The Home Office here in the UK recently launched a new campaign to raise awareness about cyber security for both individuals and businesses called Be Cyber Streetwise. The campaign consisted of print ads and a website which focussed on a juvenile cartoon concept of several urban scenes depicting parody scenes relating to key points about protecting your data. Personally I think the cartoon approach was not a suitable style for a serious campaign like this; making it light hearted doesn’t help soften the topic in a constructive way. Visual implementation aside the illustrations have been well crafted by Steve May and the analogies will no be lost on anyone despite the approach.
Regardless of how well the print campaign works, the online implementation of this campaign is inexcusably bad and both M&C Saatchi and the Office of Cyber Security and Information team responsible for the project should be ashamed at wasting tax payers money so.
View the campaign site.
This is clearly a campaign that has been conceived in print and the idea adapted for web. Such an approach would be considered a bad idea today regardless of the campaign topic, but for a campaign that focusses on an online activity? Insane.
It’s such a shame as the message is an important one (categorised as ‘National Security’ on their website) and it’s meaning and message is all but lost in the online implementation. The illustrations although attention grabbing and are interesting analogies in static print form, take on a juvenile childish approach when animated that feel patronising and detract from the serious context of the campaign. It feels more Sesame Street than Cyber street.
To point out just a few of the major things that are wrong with this campaign site…
The navigation is all wrong. They essentially made several sites and made the user decide which is relevant to them. The first interaction on the site, before you can see anything about the campaign is a choice asking you which vertical you fit into.
Such a move will instantly lose a large number of visitors before you have communicated a single message. The correct approach would be to have a global message and segment the content with the experience for those who decide to delve in deeper. The message is essentially the same for either home or business users, only the content specifics need adjusting once a vertical has been selected. If the campaign approach does not support this, the campaign concept needs adjusting.
The second major mistake is that the content is not easily browsable, instead hidden behind random signposts, animations, buildings and characters.
It feels more like a children’s game rather than an informative website, and the animated, illustrative design choice does not help this deficit. There is an ‘index’ style navigation hidden behind a newspaper in the bottom left, but this seems it was thrown in as a secondary thought rather than acting as a serious form of primary navigation. It’s not searchable. They’ve used an exploratory interface for something that is very factual and only a very small subset of the content will be relevant to any one individual – if I’m looking for something specific (which most users probably will be) it’s difficult to find what you’re looking for.

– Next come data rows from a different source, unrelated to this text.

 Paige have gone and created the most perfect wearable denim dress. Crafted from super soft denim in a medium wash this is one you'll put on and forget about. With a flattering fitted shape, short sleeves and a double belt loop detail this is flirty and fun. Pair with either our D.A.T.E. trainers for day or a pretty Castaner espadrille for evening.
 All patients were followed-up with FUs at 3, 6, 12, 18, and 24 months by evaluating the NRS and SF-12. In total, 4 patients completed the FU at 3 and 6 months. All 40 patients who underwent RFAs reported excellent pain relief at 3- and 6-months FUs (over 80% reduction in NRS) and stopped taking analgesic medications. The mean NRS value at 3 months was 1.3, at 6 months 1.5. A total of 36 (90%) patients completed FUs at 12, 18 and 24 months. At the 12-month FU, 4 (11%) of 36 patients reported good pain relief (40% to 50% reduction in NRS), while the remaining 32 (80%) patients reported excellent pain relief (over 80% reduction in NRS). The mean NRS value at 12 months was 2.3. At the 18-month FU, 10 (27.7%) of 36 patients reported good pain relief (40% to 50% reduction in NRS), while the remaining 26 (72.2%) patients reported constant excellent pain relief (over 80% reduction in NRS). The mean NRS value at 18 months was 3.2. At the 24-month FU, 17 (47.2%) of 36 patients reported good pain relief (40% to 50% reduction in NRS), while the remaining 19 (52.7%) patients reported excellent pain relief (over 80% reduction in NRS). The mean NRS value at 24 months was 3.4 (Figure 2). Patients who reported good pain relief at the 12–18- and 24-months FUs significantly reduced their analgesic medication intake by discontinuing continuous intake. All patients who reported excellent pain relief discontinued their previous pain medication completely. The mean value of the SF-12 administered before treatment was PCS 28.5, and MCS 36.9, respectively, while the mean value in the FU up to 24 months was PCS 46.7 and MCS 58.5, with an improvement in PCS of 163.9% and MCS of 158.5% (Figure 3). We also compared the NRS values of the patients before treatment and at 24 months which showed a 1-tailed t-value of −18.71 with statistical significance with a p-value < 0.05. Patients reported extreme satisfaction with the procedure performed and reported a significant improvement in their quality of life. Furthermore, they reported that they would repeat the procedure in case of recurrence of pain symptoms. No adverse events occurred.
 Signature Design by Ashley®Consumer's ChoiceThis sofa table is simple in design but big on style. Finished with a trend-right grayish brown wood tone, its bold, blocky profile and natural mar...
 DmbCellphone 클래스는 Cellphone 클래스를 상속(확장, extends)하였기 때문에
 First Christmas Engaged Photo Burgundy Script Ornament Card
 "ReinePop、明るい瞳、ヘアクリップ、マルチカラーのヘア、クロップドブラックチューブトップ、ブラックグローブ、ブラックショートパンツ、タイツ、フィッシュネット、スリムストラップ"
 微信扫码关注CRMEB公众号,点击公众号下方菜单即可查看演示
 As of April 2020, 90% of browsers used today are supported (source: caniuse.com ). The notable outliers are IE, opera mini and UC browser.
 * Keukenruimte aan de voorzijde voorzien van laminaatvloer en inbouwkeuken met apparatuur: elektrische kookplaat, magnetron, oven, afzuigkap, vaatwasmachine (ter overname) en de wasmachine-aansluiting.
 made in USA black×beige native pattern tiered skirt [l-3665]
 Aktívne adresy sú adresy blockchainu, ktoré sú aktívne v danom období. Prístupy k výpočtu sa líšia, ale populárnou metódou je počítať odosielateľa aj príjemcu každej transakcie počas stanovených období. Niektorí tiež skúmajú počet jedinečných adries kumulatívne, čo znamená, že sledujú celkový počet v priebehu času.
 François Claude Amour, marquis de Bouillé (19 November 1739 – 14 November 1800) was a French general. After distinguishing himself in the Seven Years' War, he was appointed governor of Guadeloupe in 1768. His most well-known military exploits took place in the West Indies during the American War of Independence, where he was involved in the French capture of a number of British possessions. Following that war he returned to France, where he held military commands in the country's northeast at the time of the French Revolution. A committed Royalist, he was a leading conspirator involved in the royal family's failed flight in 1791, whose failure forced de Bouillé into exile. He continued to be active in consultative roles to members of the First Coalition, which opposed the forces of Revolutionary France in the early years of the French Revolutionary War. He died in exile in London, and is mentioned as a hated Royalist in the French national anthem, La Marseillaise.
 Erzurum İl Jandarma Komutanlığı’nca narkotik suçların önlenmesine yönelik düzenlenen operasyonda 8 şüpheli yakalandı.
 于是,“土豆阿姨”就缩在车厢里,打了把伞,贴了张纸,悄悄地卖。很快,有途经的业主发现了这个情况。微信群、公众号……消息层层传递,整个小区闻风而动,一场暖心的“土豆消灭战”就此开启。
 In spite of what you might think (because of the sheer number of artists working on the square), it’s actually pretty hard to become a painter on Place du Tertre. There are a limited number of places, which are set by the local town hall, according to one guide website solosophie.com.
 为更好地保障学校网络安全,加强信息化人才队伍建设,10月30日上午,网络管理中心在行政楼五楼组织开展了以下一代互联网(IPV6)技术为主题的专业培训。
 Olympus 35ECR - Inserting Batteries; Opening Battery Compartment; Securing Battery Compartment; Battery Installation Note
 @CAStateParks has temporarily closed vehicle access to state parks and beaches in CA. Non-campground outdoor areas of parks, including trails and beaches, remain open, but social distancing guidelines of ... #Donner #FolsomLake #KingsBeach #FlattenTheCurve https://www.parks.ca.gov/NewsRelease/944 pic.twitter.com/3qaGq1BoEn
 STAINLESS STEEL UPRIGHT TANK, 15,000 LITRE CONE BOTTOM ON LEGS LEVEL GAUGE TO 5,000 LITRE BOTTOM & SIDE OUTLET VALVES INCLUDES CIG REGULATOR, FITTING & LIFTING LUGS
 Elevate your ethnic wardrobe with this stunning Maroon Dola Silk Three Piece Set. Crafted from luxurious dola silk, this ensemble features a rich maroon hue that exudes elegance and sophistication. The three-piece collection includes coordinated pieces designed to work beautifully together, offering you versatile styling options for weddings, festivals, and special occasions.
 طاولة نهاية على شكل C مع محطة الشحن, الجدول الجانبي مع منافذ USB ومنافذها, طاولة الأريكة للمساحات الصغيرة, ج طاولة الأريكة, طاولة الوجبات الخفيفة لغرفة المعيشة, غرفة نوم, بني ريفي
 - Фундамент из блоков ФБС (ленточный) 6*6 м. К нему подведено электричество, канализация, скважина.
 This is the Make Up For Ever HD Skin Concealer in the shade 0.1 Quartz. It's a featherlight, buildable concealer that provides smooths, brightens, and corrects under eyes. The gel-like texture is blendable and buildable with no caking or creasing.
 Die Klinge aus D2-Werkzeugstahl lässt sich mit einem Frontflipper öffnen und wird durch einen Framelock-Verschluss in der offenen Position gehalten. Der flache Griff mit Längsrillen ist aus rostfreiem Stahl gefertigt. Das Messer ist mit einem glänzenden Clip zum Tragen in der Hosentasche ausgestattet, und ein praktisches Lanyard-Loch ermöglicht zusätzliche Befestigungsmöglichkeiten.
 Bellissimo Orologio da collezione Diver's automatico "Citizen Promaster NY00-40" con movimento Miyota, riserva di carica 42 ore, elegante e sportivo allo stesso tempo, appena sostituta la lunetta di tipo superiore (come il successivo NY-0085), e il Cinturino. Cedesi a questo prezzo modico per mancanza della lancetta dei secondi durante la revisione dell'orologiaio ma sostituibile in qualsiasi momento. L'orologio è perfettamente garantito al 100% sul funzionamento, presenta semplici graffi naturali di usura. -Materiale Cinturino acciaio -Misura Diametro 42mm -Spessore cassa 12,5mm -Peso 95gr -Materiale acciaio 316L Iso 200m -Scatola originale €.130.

The final major issue l’ll go into today is that the site does not work particularly well responsively or accessibly. Any site you need to provide a completely separate accessible version of today has not been well conceived. Although this site technically works on smaller screen devices, it does not work well and the concept and interface become even more cumbersome and hard to use without the additional screen real estate required to support a scrolling UI like this, or the rollovers that come with using a mouse. In short, this a very bad choice for a modern website, especially a Government one. It feels more like an overblown flash site from 1998.
There are many more things wrong with this campaign and website that are too numerous to list in this post.
All in all this is a bad job and considering M&C Saatchi had a budget of £4m to deliver this campaign, they could have done a lot better. I believe these mistakes often happen because a single full service agency is appointed to deliver the project across all media. To get one agency to cover all bases across concept, print and web will inevitably end badly in at least one area, it’s just a natural side effect of full service. If the government really wants higher quality work and to support smaller businesses they should work harder to find smaller specialist agencies who can work together to achieve a higher quality end result. It will take more effort then manage, but they could easily hire a dedicated PM to handle this on their behalf with this kind of budget and still save money. Using full service agencies is the easy/lazy way out. Given a little help I hope they make better choices on future projects.
Thumbs down to James Brokenshire MP and his department.